Goals

The anesthesiologist’s goals, when consulted to participate in the care of women in labor, are very much the same as those of her Obstetrical Care Provider:

  • To facilitate comfort during a natural but typically painful process
  • To do so in a way that minimizes risk to both the mother and her soon-to-be-born baby

The American College of Obstetricians and Gynecologists has suggested that: “Labor results in severe pain for many women. There is no other circumstance where it is considered acceptable for a person to experience severe pain, amenable to safe intervention, while under a physician’s care.” Anesthesiologists endorse this belief and, as specialists in the management of acute pain, view labor pain relief as a professional duty and responsibility.

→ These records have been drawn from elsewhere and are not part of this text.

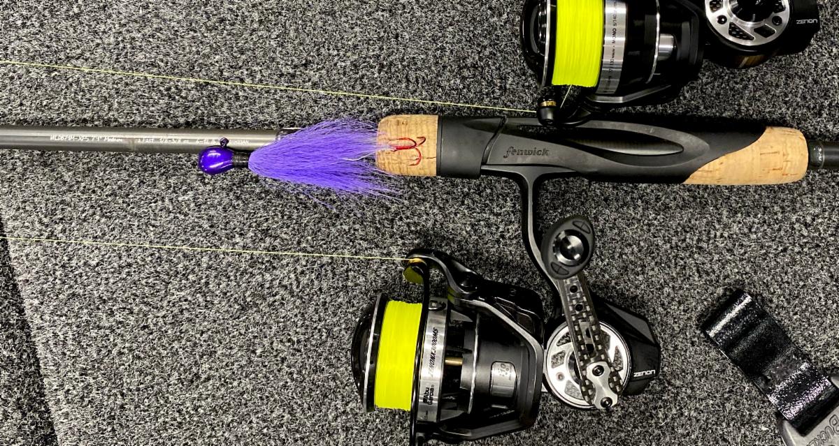 > "Fishing that on a size-30 Abu Garcia Zenon [spinning reel] and the rod that I really like with the hair jig is a 7' 1" MXF [Fenwick] World Class spinning rod. [The rod] has a good backbone to drive the hooks in, but that MXF [action] has got a softer tip so it allows them to suck that bait in and helps the bait run truer."
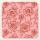 Whispers of Rose, Elegant Line Art Floral Pattern Square Paper Coaster
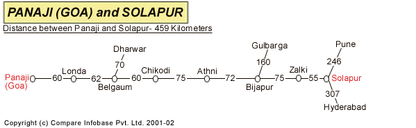 | *The Map showing the Road Distance Guide from Panaji to Solapur | Disclaimer |
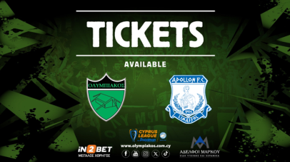Ο Ολυμπιακός Λευκωσίας ανακοινώνει την έναρξη της προπώλησης των εισιτηρίων για τον εντός έδρας αγώνα της 8ης αγωνιστικής του Πρωταθλήματος Cyprus League by Stoiximan 2025-2026, απέναντι στον Απόλλωνα Λεμεσού, που θα διεξαχθεί στο Στάδιο ΓΣΠ, το Σάββατο 25 Οκτωβρίου…

There are many opinions about how to best facilitate comfort in a laboring woman. However, it is the woman, herself, who decides which method is best for her. Usually a pregnant woman will already have a plan for coping with pain before labor begins, and an informed approach is to be encouraged. It is very clear, however, that no two labors are identical, and that the subjective experience of pain can be difficult to anticipate.

The amount of pain a mother experiences depends on many factors.

These include:

  • The size and position of the baby
  • The size and shape of the mother’s pelvis
  • The strength of the uterine contractions
  • Previous experience & expections of labor
  • Other issues which are not well understood

Modern anesthesiology and obstetrics have numerous effective methods that allow a woman to have choices regarding labor pain management.

These choices include:

  • Breathing exercises and relaxation techniques which may include aromotherapy, warm showers, massage, supportive nursing care, a labor ball, etc.
  • Intravenous pain medications
  • Local nerve or field blocks
  • Regional techniques (epidural or spinal anesthesia)

Since each woman’s labor is unique, anesthesiologists advise flexibility in the pain management aspect of labor plans. For example, a woman may have planned a “natural birth” without any medical intervention but then find the labor pain has exceeded her expectations.  She may then decide to use IV pain medications.   Less commonly, labor pain is experienced as less than expected.  In this case, a woman might decide that an original plan for medical pain intervention with a labor epidural is not needed or warranted.

The anesthesiologist can assist a woman and her obstetrical care provider in making individualized choices about pain management.  Working as a team with obstetrical care providers, anesthesiologists have the knowledge and skills needed to help comfort the laboring patient while keeping safety a priority for both mother and baby.